One of Merv’s assistants was standing there hissing and windmilling both arms. He was either attempting to put out a fire in his armpits or meaning to tell Ted that it was now time for him to go onstage. He hadn’t heard the way in which Merv introduced him and wasn’t sure at all of what to expect, although the host had played patsy with the other two guests, fairly reveling in his own respect for the dead. There was a tepid applause as he walked onto the stage—the audience members putting just enough into it to say afterward that they had tried to be fair—filling the studio with the communality of the single hand wanking. The atmosphere did not bode well. It was always easiest for a moderator to pick a side, and Ted couldn’t kid himself that his would be the winning one. Merv offered his jujitsu handshake, regardless. Ted shook hands with Caitlin and found that her palm was calescent and sticky. So that was why the other guests seemed to recoil when she made her entrance. He hadn’t any choice but to pass her hot kiss on to Mary Jarrell and Arthur Treacher, but they knew better than to offer anything more than a curt brush of skin.
“Stay off the ropes, son,” Arthur Treacher whispered as Ted moved to sit next to Merv.
5.
Assia
Etienne de Born sits with his driver in the Bentley at the road’s edge and their figures are aligned like two riders in a frieze.
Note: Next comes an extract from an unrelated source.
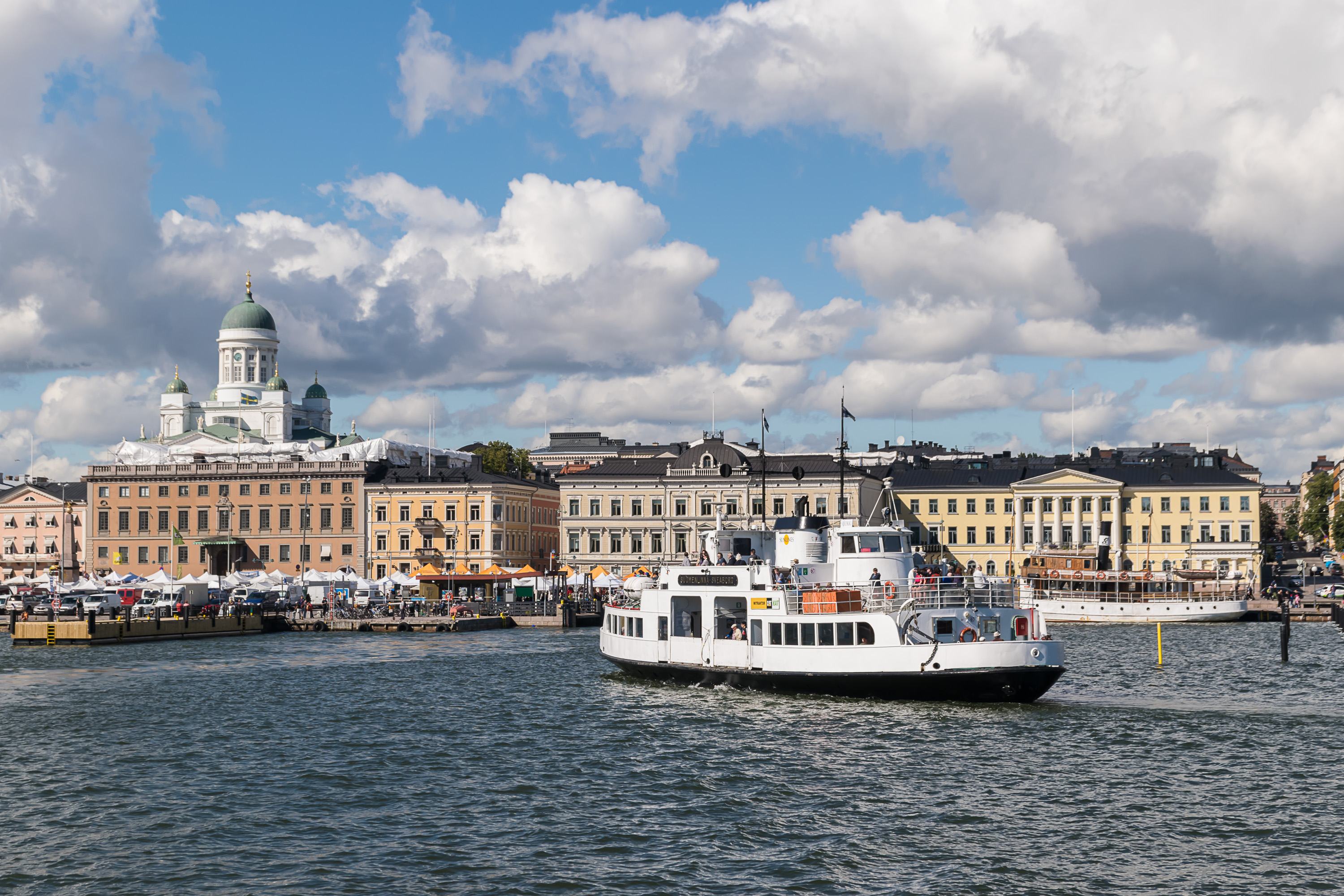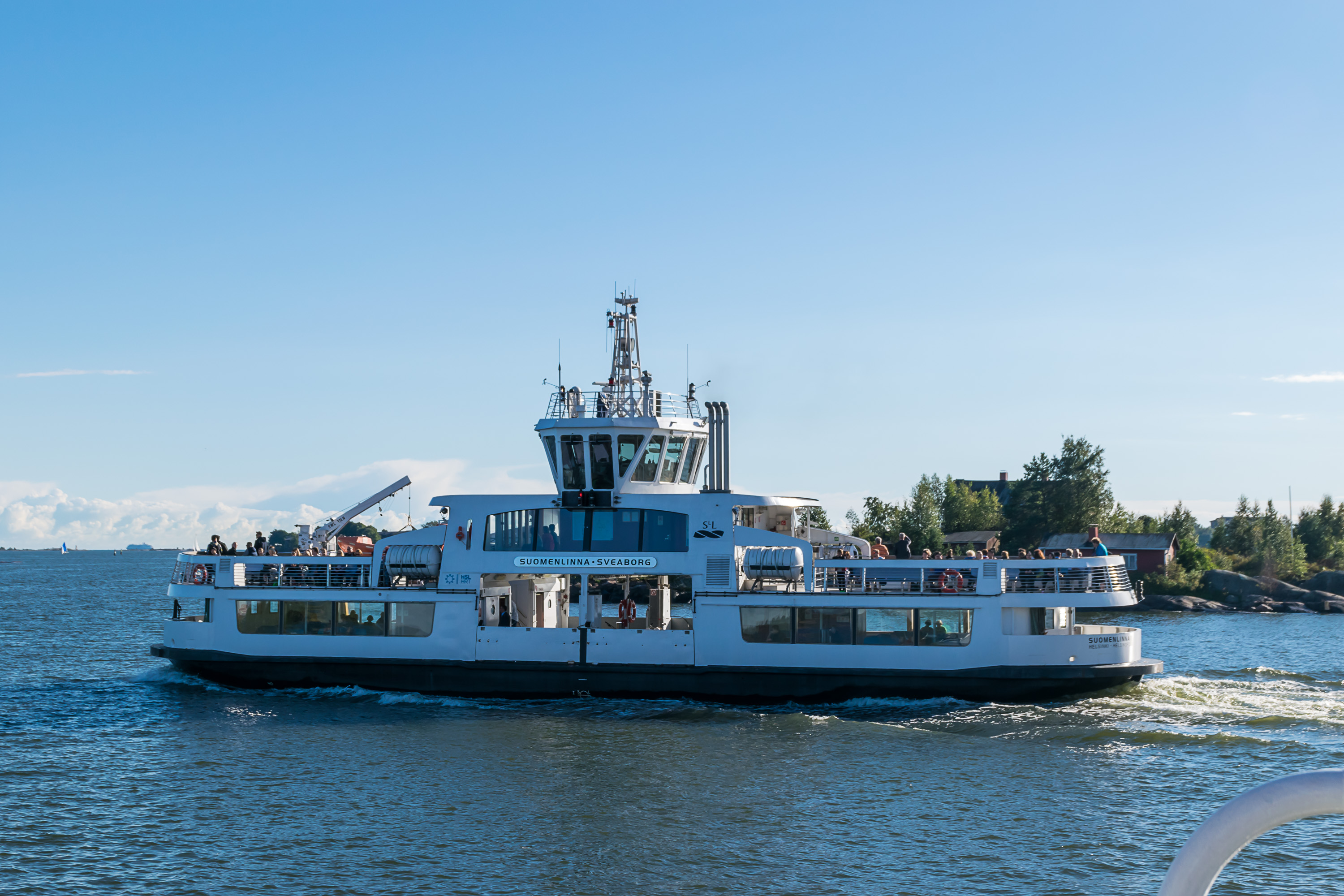 Паром на острова Суоменлинна (Suomenlinna) с Кауппатори (Kauppatori, Рыночная площадь) в центре Хельсинки несколько выбивается из других видов транспорта, но тем не менее это тоже вполне себе официальный городской транспорт под эгидой HSL. Он пересекает 2.5 км моря и идет примерно 15 мин. На паромы может влезать на удивление много пассажиров, особенно если занимать верхнюю палубу, что в зависимости от погоды может быть довольно неприятно.
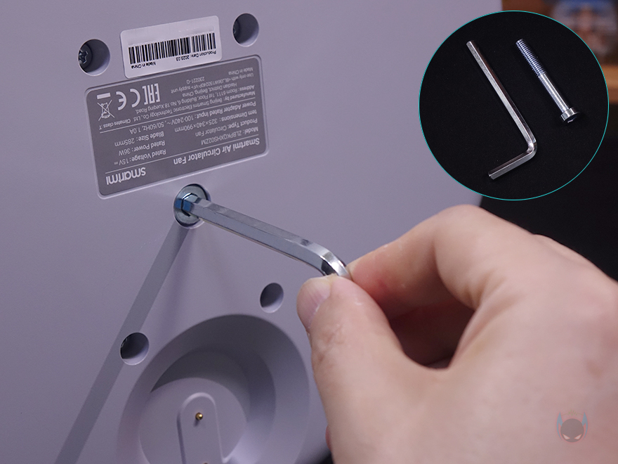물론, 받침대 밑바닥에는 미끄럼방지와 바닥 접지력을 위해 총 5개의 패드가 부착되어 있으며, 방금 언급했던 후면 충전기 연결부는 뒤에서 확인하겠지만, 자석(magnet) 방식으로 갖추고 있죠. 기존의 Fan 시리즈 무선 선풍기 제품들과 가장 큰 차이점 중 하나입니다. 그리고, 받침대와 스탠드 연결은 기존 제품들과 마찬가지로 접지 부분을 맞춰서 끼워주면 되고, 고정은 제공되는 나사와 렌치를 사용하면 됩니다.

Etienne is nearly blind. In the auto, he turns his head and aims his eyes at he
r from the distance through two panes of glass and the separate barrier of his inked-over trifocals. The morning when he first arrived, after a series of phone conversations, he commented on the cucumbers and the sweet onions in Sylvia’s garden that had been left to wither to their acidic essence. His blindness is a boon to his other senses. Such as memory. The smell reminded him of his return after each of the notable foreign wars of his lifetime. The victory gardens gone to seed. How contradictory his service designation had sounded when he first admitted it to her. “Intelligence officer in the king’s War Office,” he said, curtly. His follow-up seemed even more abashed. “That is an area of my life,” he said, “that I cannot put into words.” Yet he is asking her, even bribing her, to break her own life down into the germ warfare of written language. “So that we will all have a better understanding of all that’s happened,” he says.
Assia tried to resurrect Sylvia’s garden early one morning. She misplaced the time. In the afternoon, the scotoma crept up behind her back. She found herself sitting trapped in a plot of holes. She stepped in clear to her hip joint. She stretched and clawed for the garden hose that lay there in the coruscant grass. She caught hold of the lifeline and pulled so hard that she wrenched it from the brass penis in the garden wall.
The scotoma was a fluke. Her migraine aura is usually painted with the smeared iridescence and the balanced density of a Legueult painting. Her doctor, the same one who had delivered Shura, questioned her about the visions. What did they look like, he wanted to know.
“To you, they would look like art.”
“What do they look like to you?” the doctor asked.
“The rearview.”
“The rearview of art?”
“To you, they would look like the rearview of art.”
“I’ll prescribe painkillers.”
They didn’t work. The regimen that he tried to put her on didn’t work, either; what’s more, it was draconian. He sought to disallow her perfume and red wine. What then was she living for? She and Shura bake and eat, mostly. A quiet soul who lives above the surf with several cats comes every other Friday to clean. A Mrs. Orchardson who tells funny stories about her cats, saying that they foul the mirror with their tongues and that they leave their rodent quarry upon her pillow for her approval. They bake early in the A.M., Shura bringing and fetching, so that the oven will be cool for Assia’s afternoon migrainal ordeal.